* Task to carry out *
Exact copy, no pictures: return all the records as they stand.

***

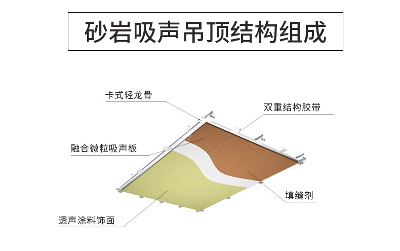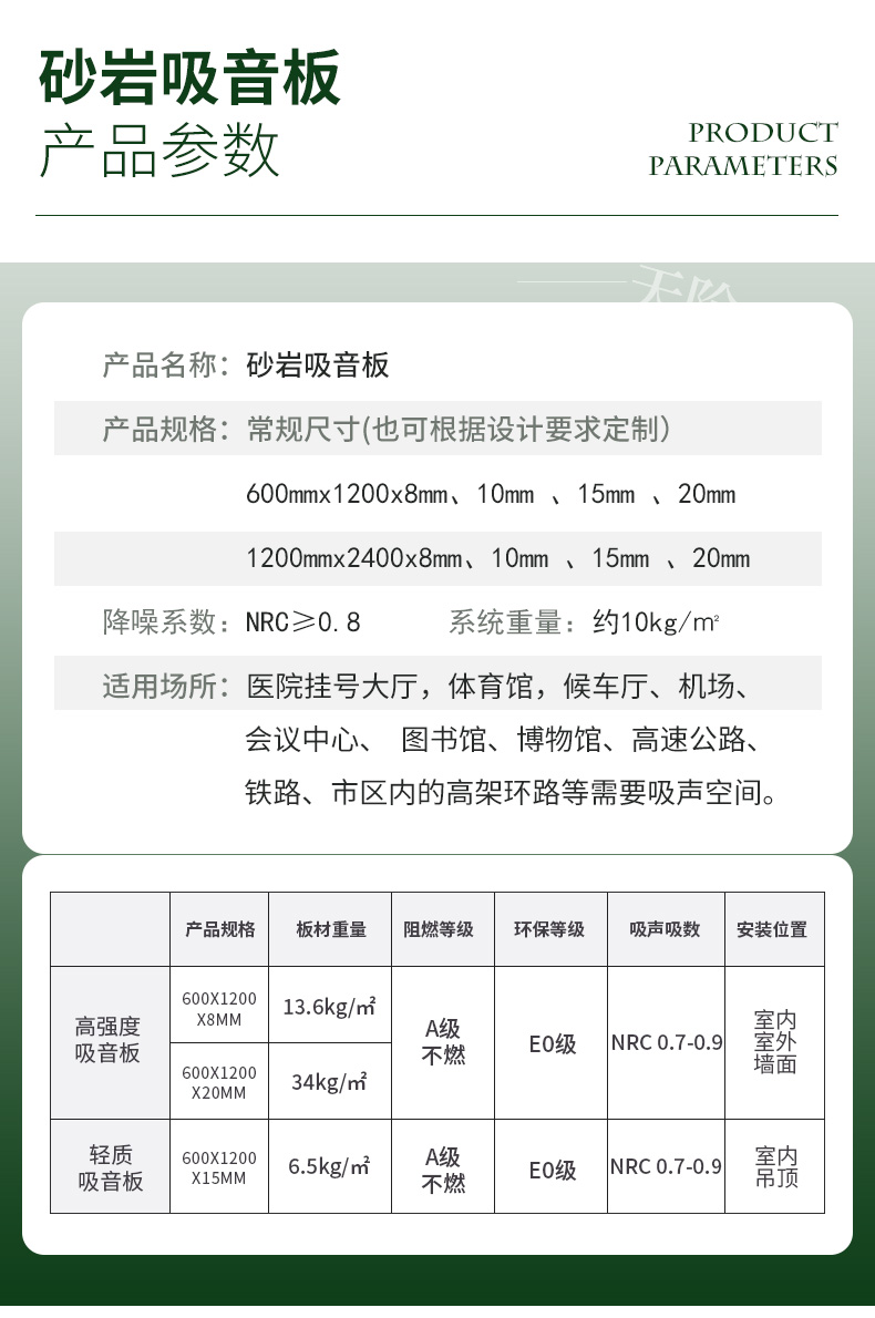 砂巖吸音板,它的基材有兩種,一種是具有吸聲防火**的強(qiáng)化玻纖板為基材,這種基材為大家所熟知,也是很多設(shè)計(jì)師慣用的一種高端吸聲材料;另外一種基材是由特定直徑的輕質(zhì)砂粒為原料,通過聚合技術(shù)使每個(gè)顆粒之間如焊接般聚合在一起,由于無機(jī)顆粒的表面不規(guī)則形狀或聚合空隙,微粒之間形成了大量不規(guī)則且互相連通的微觀孔隙結(jié)構(gòu)。
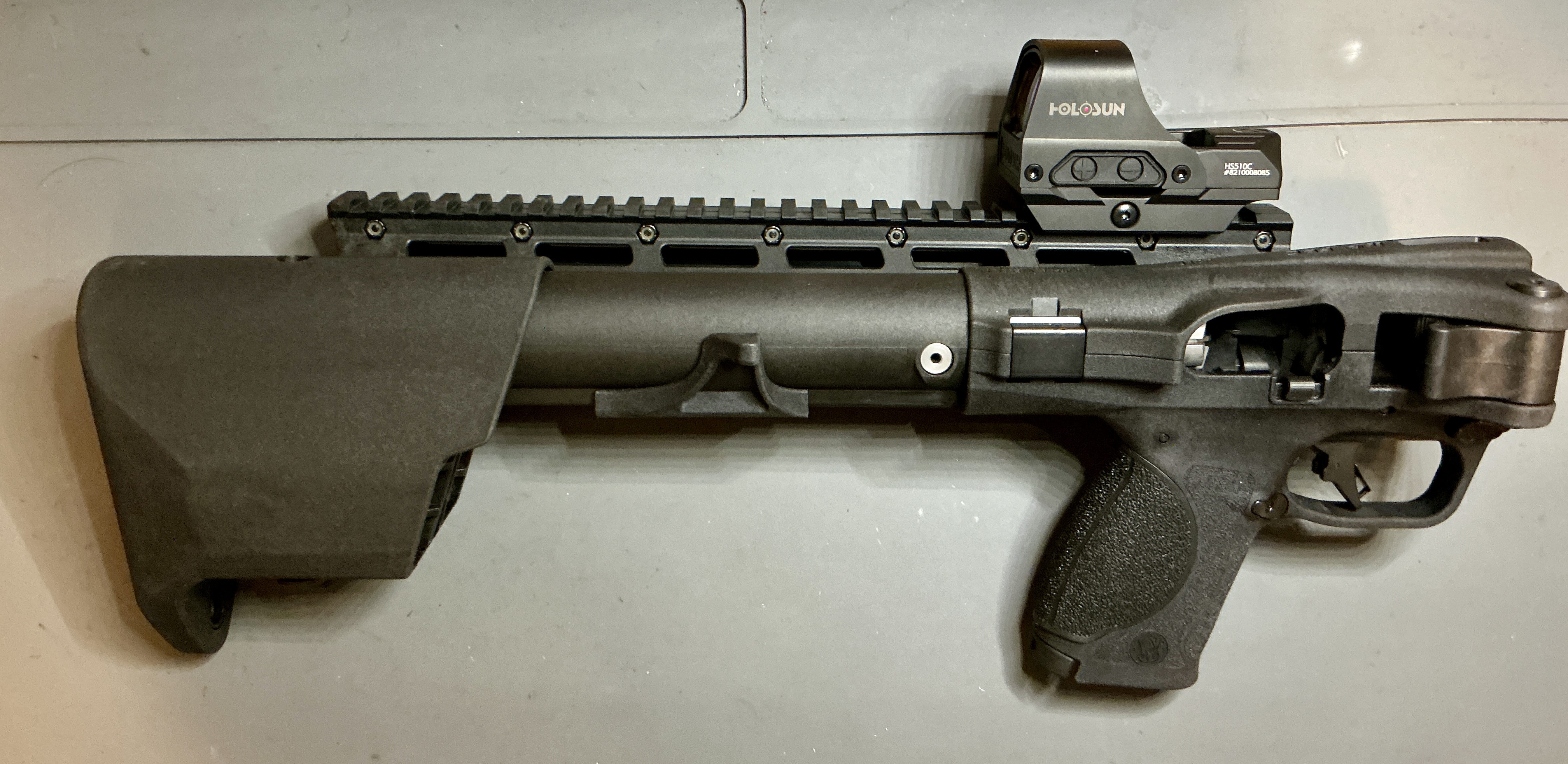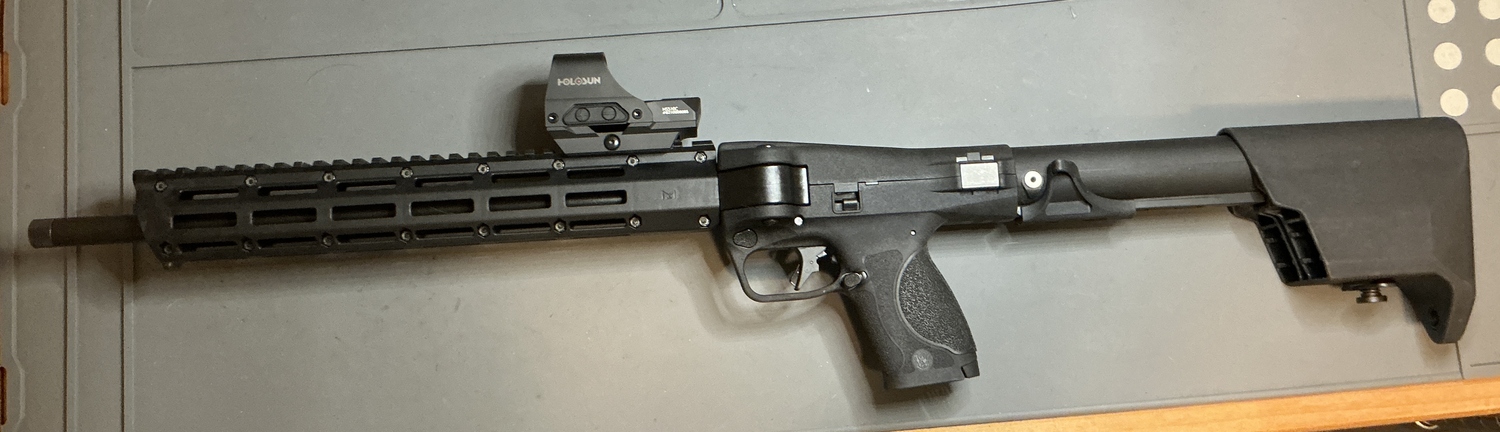 SW .22lr folding carbine. Like new, less than 200 rounds. Threaded barrel. Comes with 3 magazines, box. $475 without the Holosun optic. $700 with Holosun 510c optic. Cash only, must be willing to sign bill of sale. Text if you have any questions or need more pics.
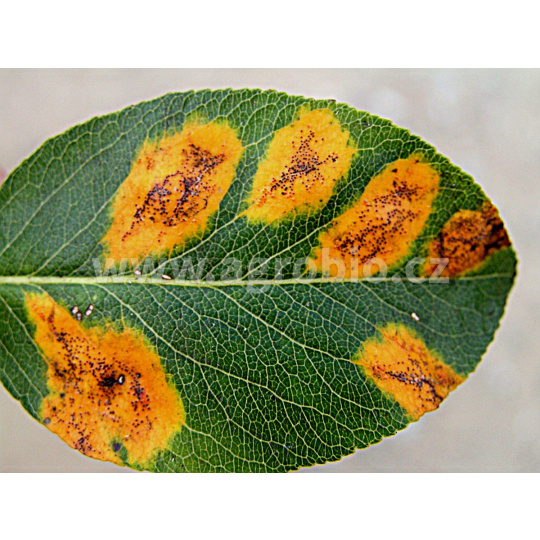 | Hrušeň, Stemfyliová skvrnitost - OL=28. Aplikujte preventivně, od rašení pupenů, objevení se listů, svazeček květů je zakrytý do váze pokročilého zrání, nárůst intenzity odrůdově specifického zbarvení. Aplikujte max. 2x za vegetaci. Dávku 2,34 ml / 1 l vody aplikujte jen 1x za vegetaci. Interval mezi aplikacemi je 7 dnů. | 2 ml / 1 l vody | Postřik | 4,5,6,7 aktuální aplikace  |  |
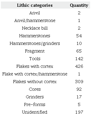 The shaping in the site resulted in the production of thin flakes that were wider than long, with no designated or proposed use in the production process. They are usually absent of hammering beads and bulbs, although vestiges of the latter can be found in some specimens. Another important feature is the presence of nervures and crests due to prior flake removal, which generated shallow and small negatives on the dorsal faces. However, some of the shaping flakes present cortexes accompanying the dorsal convexities. These observations indicate that the shaping process was carried out on at least four anatomically distinct types of volumes: 1) round and oblong pebbles; 2) angular pebbles and stones; 3) quadrangular and thicker support flakes without cortex; and 4) initial support flakes and splits.
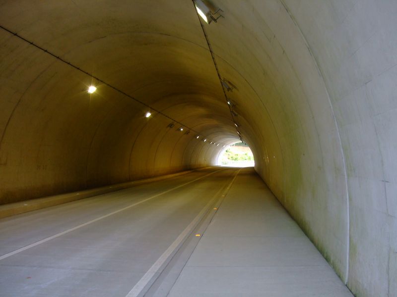 川沿いを1.2~1.5車線のくねった道でどうにか通り抜けていたものが、短いトンネルによってあっさりと通過できるようになったわけだ。

***

* Solution for this problem *
 砂巖吸音板,它的基材有兩種,一種是具有吸聲防火**的強(qiáng)化玻纖板為基材,這種基材為大家所熟知,也是很多設(shè)計(jì)師慣用的一種高端吸聲材料;另外一種基材是由特定直徑的輕質(zhì)砂粒為原料,通過聚合技術(shù)使每個(gè)顆粒之間如焊接般聚合在一起,由于無機(jī)顆粒的表面不規(guī)則形狀或聚合空隙,微粒之間形成了大量不規(guī)則且互相連通的微觀孔隙結(jié)構(gòu)。
 SW .22lr folding carbine. Like new, less than 200 rounds. Threaded barrel. Comes with 3 magazines, box. $475 without the Holosun optic. $700 with Holosun 510c optic. Cash only, must be willing to sign bill of sale. Text if you have any questions or need more pics.
 | Hrušeň, Stemfyliová skvrnitost - OL=28. Aplikujte preventivně, od rašení pupenů, objevení se listů, svazeček květů je zakrytý do váze pokročilého zrání, nárůst intenzity odrůdově specifického zbarvení. Aplikujte max. 2x za vegetaci. Dávku 2,34 ml / 1 l vody aplikujte jen 1x za vegetaci. Interval mezi aplikacemi je 7 dnů. | 2 ml / 1 l vody | Postřik | 4,5,6,7 aktuální aplikace  |  |
 The shaping in the site resulted in the production of thin flakes that were wider than long, with no designated or proposed use in the production process. They are usually absent of hammering beads and bulbs, although vestiges of the latter can be found in some specimens. Another important feature is the presence of nervures and crests due to prior flake removal, which generated shallow and small negatives on the dorsal faces. However, some of the shaping flakes present cortexes accompanying the dorsal convexities. These observations indicate that the shaping process was carried out on at least four anatomically distinct types of volumes: 1) round and oblong pebbles; 2) angular pebbles and stones; 3) quadrangular and thicker support flakes without cortex; and 4) initial support flakes and splits.
 川沿いを1.2~1.5車線のくねった道でどうにか通り抜けていたものが、短いトンネルによってあっさりと通過できるようになったわけだ。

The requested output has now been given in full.